The recent failure at a wave energy converter farm (point absorbers) during a storm has brought the spotlight on accelerated corrosion-fatigue. 3D forensic analysis revealed that the anchor chains failed due to galvanic currents between the metal and the seabed, a phenomenon that predictive modeling could have anticipated. This article breaks down how OrcaFlex and Bentley OpenRoads allowed recreating the material's life cycle.
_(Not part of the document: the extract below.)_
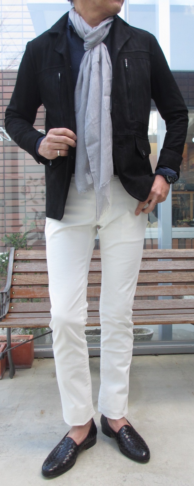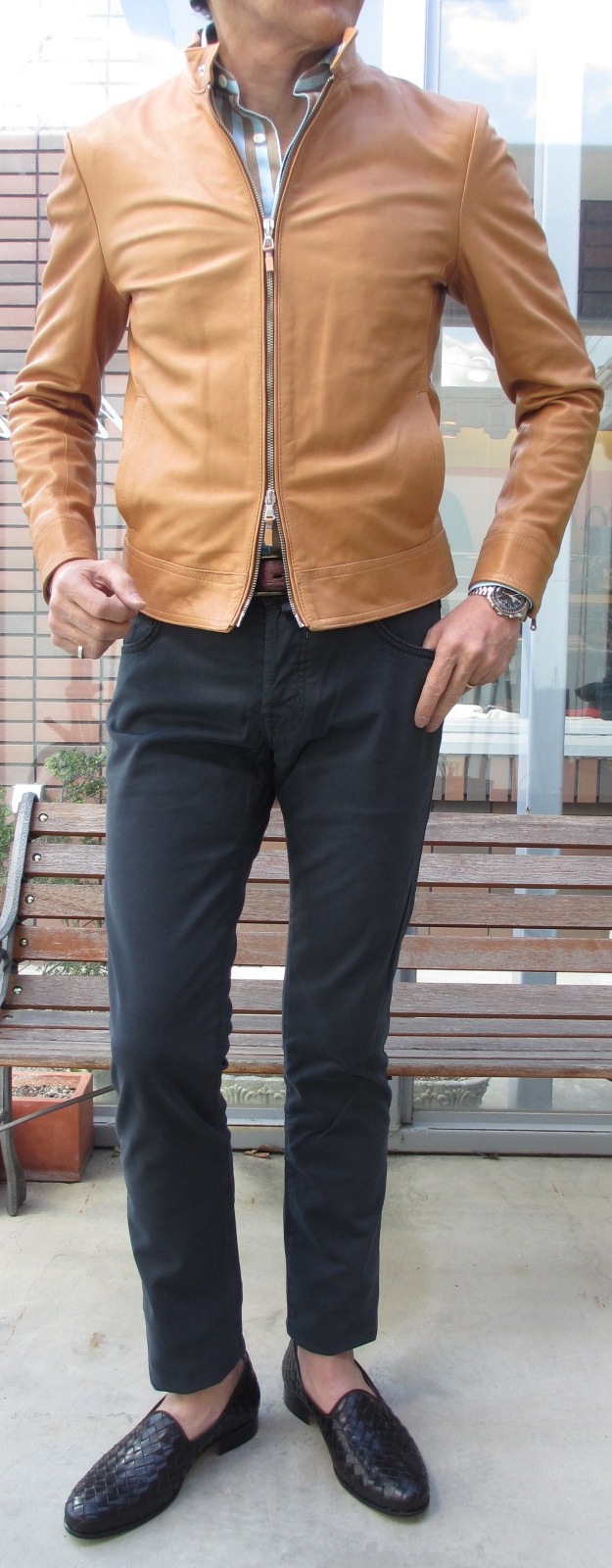 昔、大好きだったブランドが「hLam」。イタリア人のピエランジェロ・ダゴスティンとスウェーデン人のグン・ヨハンソンが立ち上げたブランドです。現在、このブランドは休止しており、手に入れることはできませんが、展開している期間に何枚かのレザーを購入。その中のお気に入りのレザーが、ヌバックのシングルライダース。休みの日はもちろん、海外出張の飛行機のなかでも大活躍のレザーでしたが、とうとう消耗が激しく、昨年、クローゼットから外してしまいました。バイクに乗るわけではありませんが、無くなると欲しくなるのが、ライダース。このレザー、とても気になります。

Digital reconstruction of the failure with OrcaFlex and Bentley OpenRoads 🌊
Using OrcaFlex, the non-linear dynamics of the chains under extreme wave conditions were simulated, obtaining residual stress maps for each link. The data was exported to Bentley OpenRoads to model the geotechnical interaction of the seabed, identifying a critical point where the chain rubbed against rock formations rich in conductive minerals. The combination of cyclic fatigue and galvanic corrosion reduced the estimated service life by 40% according to the S-N curves of the DNV-OS-E301 standard. The 3D model showed that the failure was not sudden, but progressive, with microcracks nucleating in areas of high ion concentration.
Lessons for predictive offshore simulation ⚙️
This case demonstrates that fatigue simulation cannot ignore the electrochemical environment. The service life graphs generated in OrcaFlex indicate that, without considering the galvanic couple, the system would have passed standard certifications. The lesson is clear: 3D modeling must integrate seabed resistivity data and corrosion potentials to avoid catastrophic failures. At Foro3D, we believe that the next generation of regulations will require this level of detail in material simulation for offshore infrastructure.
How can the effect of galvanic corrosion on the fatigue life of wave energy buoy anchors under cyclic storm loads be accurately modeled?
(PS: Material fatigue is like yours after 10 hours of simulation.)